** Opening Supplied data block **

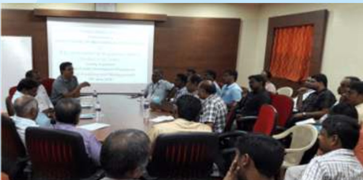
Participants in the faculty development programme

The IEI Student Chapter of Mechanical Engineering Department of Nandha Engineering College organized a Faculty Development Programme on "Energy Auditing and Management" on 19 June 2019.
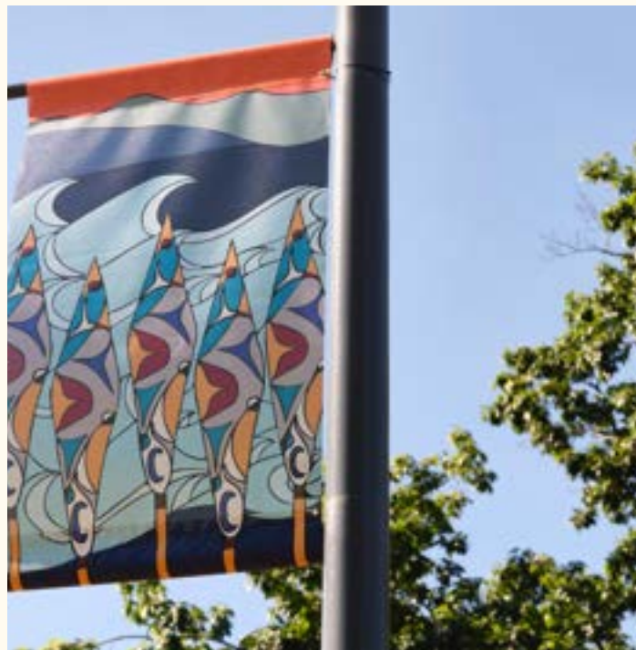
WƏL MÍ CT QPƏƏT TƏ ɁNIMƏɁ, DIAMOND POINT., 2020

The development's location in Vancouver's DTES, a heavily racialized and stigmatized area, is an important backdrop for public art at the site. Residents of the DTES should live in dignity connected to the lands and places they call home; art can be used to tell a story of community and belonging as a way to rewrite this narrative of stigma and oppression.
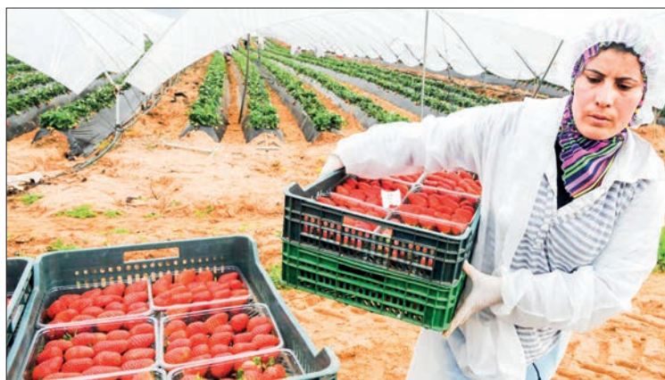
Annually, thousands of Moroccan seasonal workers go to Spain to harvest strawberries and secure additional income.

SPAIN'S cabinet on Tuesday approved a bill that grants paid medical leave for women who suffer from severe period pain, becoming the first European country to advance such legislation. Menstrual leave is currently offered only in a small number of countries across the globe, among them South Korea and Indonesia.
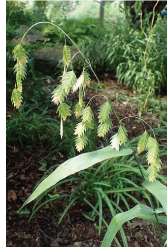
Northern sea oats
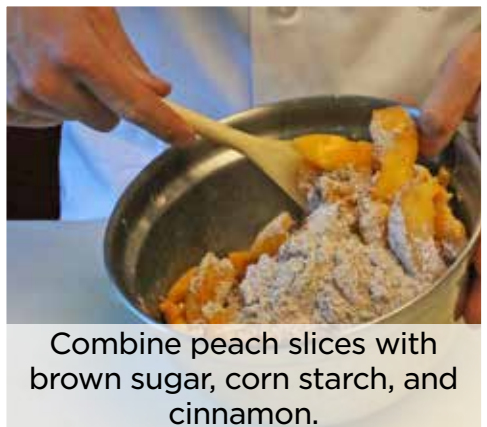
Combine peach slices with brown sugar, corn starch, and cinnamon.
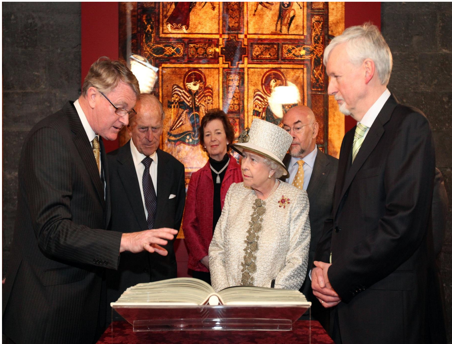
Loyola Institute, TCD 16.2.2017
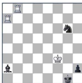
db#22,772: V. Villani (1947) L'Italia scacchistica
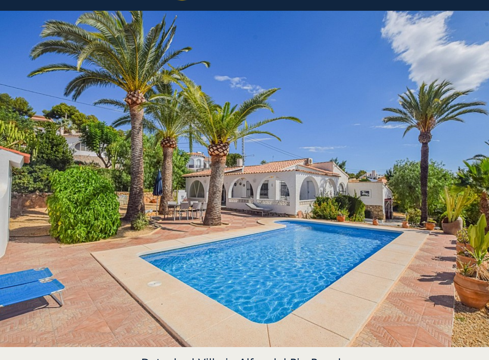
Detached Villa in Alfas del Pi - Resale
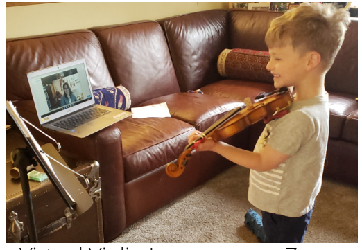
Virtual Violin Lessons over Zoom

On March 12th, Music Center's doors closed, but the music never stopped. Our amazing faculty and students have been creative and flexible. Individual instruction transitioned smoothly using digital technology. Ensemble Directors were innovative and resourceful, understanding the limitations which virtual ensembles faced and transitioned their teaching to focus on education over performance. Our goal was to keep our community connected and out of this we have built a stronger bond, together.
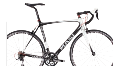
105 // 11
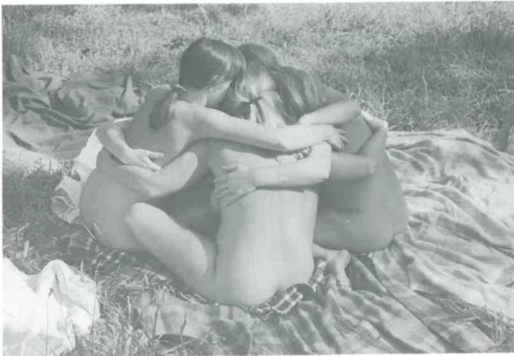
14 3. Through the fear is trust and loving.

In the past it has been assumed that babies didn't really know what was going on, that they were quite blank. Yet a few years ago, when people started going into very deep workouts in groups, I started seeing this birth process happening on the floor in front of me. And somehow the first experience of actually living on your own has been impressed on every one of your minds. And it is surprising how clear a picture some people get when they go through their rebirth process. They go through all the feelings which were there at the time.
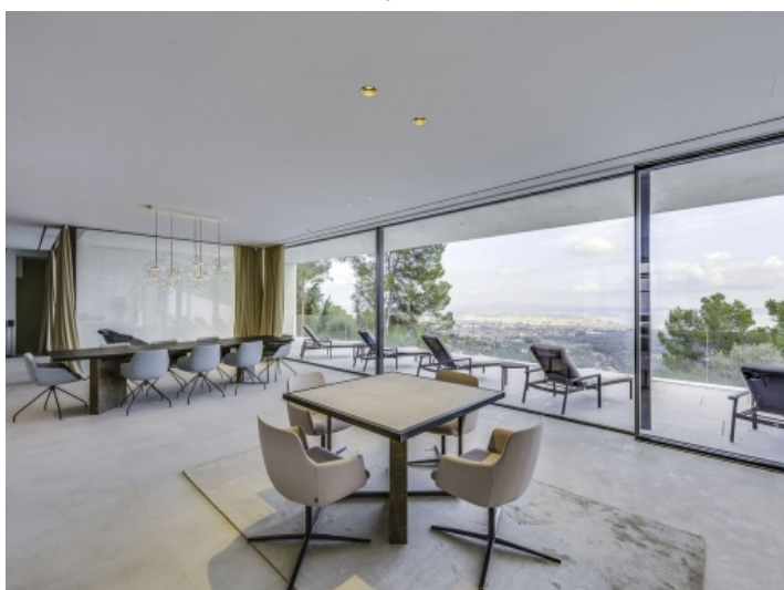
Living area with large panoramic windows
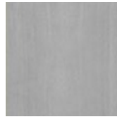
Natural Teak (1 year)
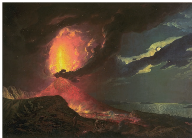
Fig. 2. Joseph Wright of Derby 1734–1797, Vesuvius in Eruption, with a View over the Islands in the Bay of Naples c.1776–80, Oil paint on canvas, support: 1220 × 1764 mm; frame: 1461 × 1941 × 95 mm, Tate Gallery, https://www.tate.org.uk/art/artworks/wright-vesuvius-in-eruption-with-a-view-over-the-islands-in-the-bay-of-naples-t05846 .
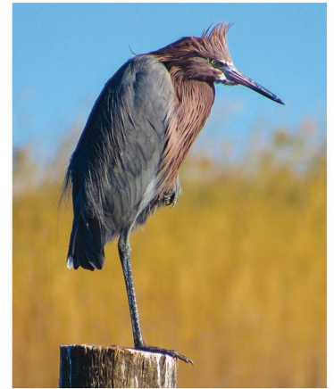
Reddish Egret

Turn on Sportsman Road, and scan the marshes on the left for Reddish Egret, Yellow-crowned Night-Heron, and Tricolored Heron. Look carefully in the ditches for Clapper Rail. Check the piers on the right for American Oystercatcher, Willet, and terns. In fall and winter, Belted Kingfisher and Osprey are common. Where the road dead-ends, scan the sand bars and jetty for plovers and sandpipers, Black Skimmer, and terns. Continue birding as you return to Stewart.
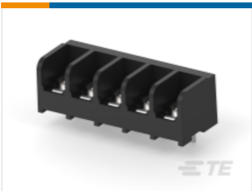
TE Model / Part #8-1437652-6 6PCV-05-1341-#6 TRIBARRIER - S
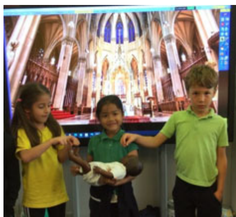
Learning about the Christian baptism ceremony in RE
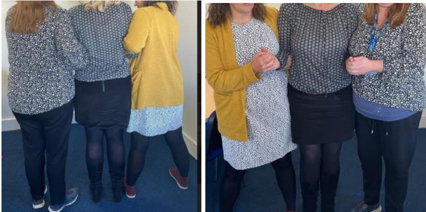
Reference: Double cup hold 5
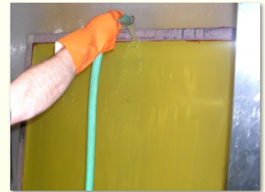
3. Flood rinse the screen starting at the top and washing all residue off the screen.

Look For More Information on all the Products in the ENVIROLINE® of "Green" Chemistry.
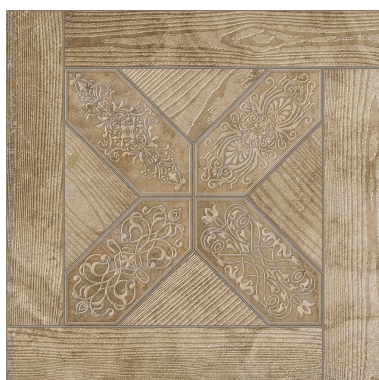
CARCASSONNE ROBLE 45X45 B16
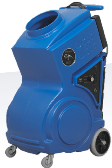
PART NO: PRED1200 / PAS1200UV
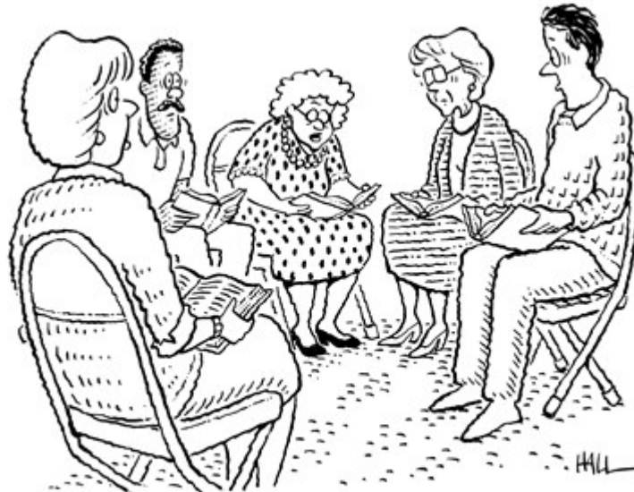
Well, I could have cast the first stone!

While I don't know anyone who would actually say they are without sin, we are sometimes guilty of feeling justified in 'casting stones' at others because (1) we are in denial of our own sins, (2) we regard the sins of others as more grievous than our own, or (3) we think of our own sins as momentary failures, while regarding others as belonging to a category labelled "sinners".
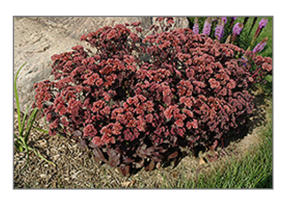
Purple Emperor Stonecrop in bloom
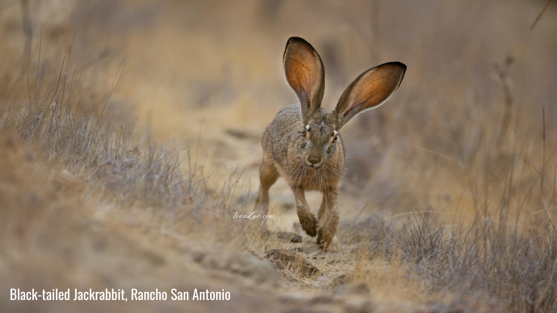
Black-tailed Jackrabbit, Rancho San Antonio
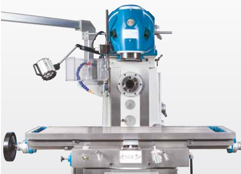
Powerful horizontal spindle with its own drive
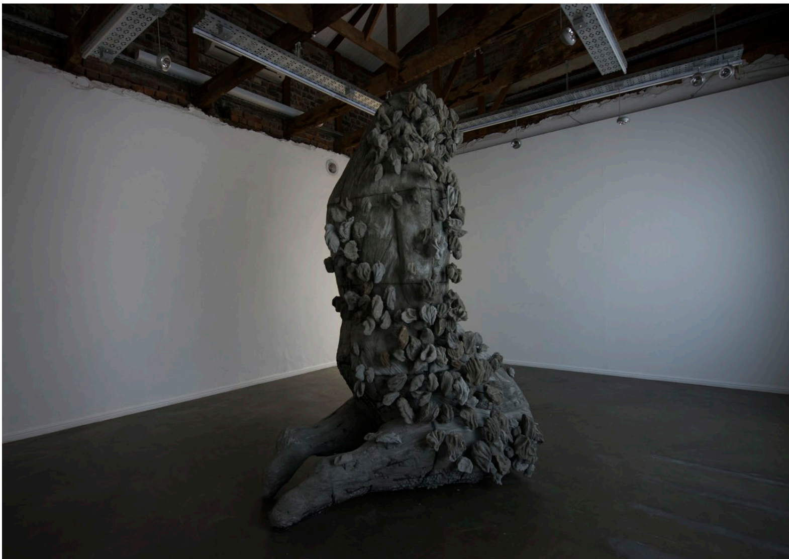
Ledelle Moe Study for Remain 2018 Concrete and Steel 270 x 190 x 120 cm
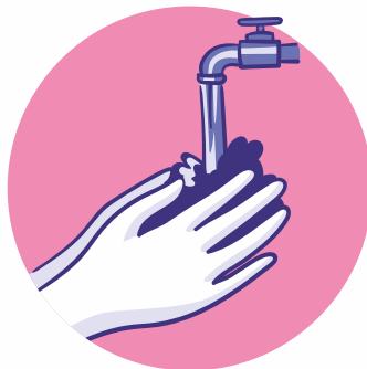
Clean your hands often

** Closing Supplied data block **

* [Exercise]: Transcribe all the records above word for word, without their images.

* [Result]:
Participants in the faculty development programme

The IEI Student Chapter of Mechanical Engineering Department of Nandha Engineering College organized a Faculty Development Programme on "Energy Auditing and Management" on 19 June 2019.
WƏL MÍ CT QPƏƏT TƏ ɁNIMƏɁ, DIAMOND POINT., 2020

The development's location in Vancouver's DTES, a heavily racialized and stigmatized area, is an important backdrop for public art at the site. Residents of the DTES should live in dignity connected to the lands and places they call home; art can be used to tell a story of community and belonging as a way to rewrite this narrative of stigma and oppression.
Annually, thousands of Moroccan seasonal workers go to Spain to harvest strawberries and secure additional income.

SPAIN'S cabinet on Tuesday approved a bill that grants paid medical leave for women who suffer from severe period pain, becoming the first European country to advance such legislation. Menstrual leave is currently offered only in a small number of countries across the globe, among them South Korea and Indonesia.
Northern sea oats
Combine peach slices with brown sugar, corn starch, and cinnamon.
Loyola Institute, TCD 16.2.2017
db#22,772: V. Villani (1947) L'Italia scacchistica
Detached Villa in Alfas del Pi - Resale
Virtual Violin Lessons over Zoom

On March 12th, Music Center's doors closed, but the music never stopped. Our amazing faculty and students have been creative and flexible. Individual instruction transitioned smoothly using digital technology. Ensemble Directors were innovative and resourceful, understanding the limitations which virtual ensembles faced and transitioned their teaching to focus on education over performance. Our goal was to keep our community connected and out of this we have built a stronger bond, together.
105 // 11
14 3. Through the fear is trust and loving.

In the past it has been assumed that babies didn't really know what was going on, that they were quite blank. Yet a few years ago, when people started going into very deep workouts in groups, I started seeing this birth process happening on the floor in front of me. And somehow the first experience of actually living on your own has been impressed on every one of your minds. And it is surprising how clear a picture some people get when they go through their rebirth process. They go through all the feelings which were there at the time.
Living area with large panoramic windows
Natural Teak (1 year)
Fig. 2. Joseph Wright of Derby 1734–1797, Vesuvius in Eruption, with a View over the Islands in the Bay of Naples c.1776–80, Oil paint on canvas, support: 1220 × 1764 mm; frame: 1461 × 1941 × 95 mm, Tate Gallery, https://www.tate.org.uk/art/artworks/wright-vesuvius-in-eruption-with-a-view-over-the-islands-in-the-bay-of-naples-t05846 .
Reddish Egret

Turn on Sportsman Road, and scan the marshes on the left for Reddish Egret, Yellow-crowned Night-Heron, and Tricolored Heron. Look carefully in the ditches for Clapper Rail. Check the piers on the right for American Oystercatcher, Willet, and terns. In fall and winter, Belted Kingfisher and Osprey are common. Where the road dead-ends, scan the sand bars and jetty for plovers and sandpipers, Black Skimmer, and terns. Continue birding as you return to Stewart.
TE Model / Part #8-1437652-6 6PCV-05-1341-#6 TRIBARRIER - S
Learning about the Christian baptism ceremony in RE
Reference: Double cup hold 5
3. Flood rinse the screen starting at the top and washing all residue off the screen.

Look For More Information on all the Products in the ENVIROLINE® of "Green" Chemistry.
CARCASSONNE ROBLE 45X45 B16
PART NO: PRED1200 / PAS1200UV
Well, I could have cast the first stone!

While I don't know anyone who would actually say they are without sin, we are sometimes guilty of feeling justified in 'casting stones' at others because (1) we are in denial of our own sins, (2) we regard the sins of others as more grievous than our own, or (3) we think of our own sins as momentary failures, while regarding others as belonging to a category labelled "sinners".
Purple Emperor Stonecrop in bloom
Black-tailed Jackrabbit, Rancho San Antonio
Powerful horizontal spindle with its own drive
Ledelle Moe Study for Remain 2018 Concrete and Steel 270 x 190 x 120 cm
Clean your hands often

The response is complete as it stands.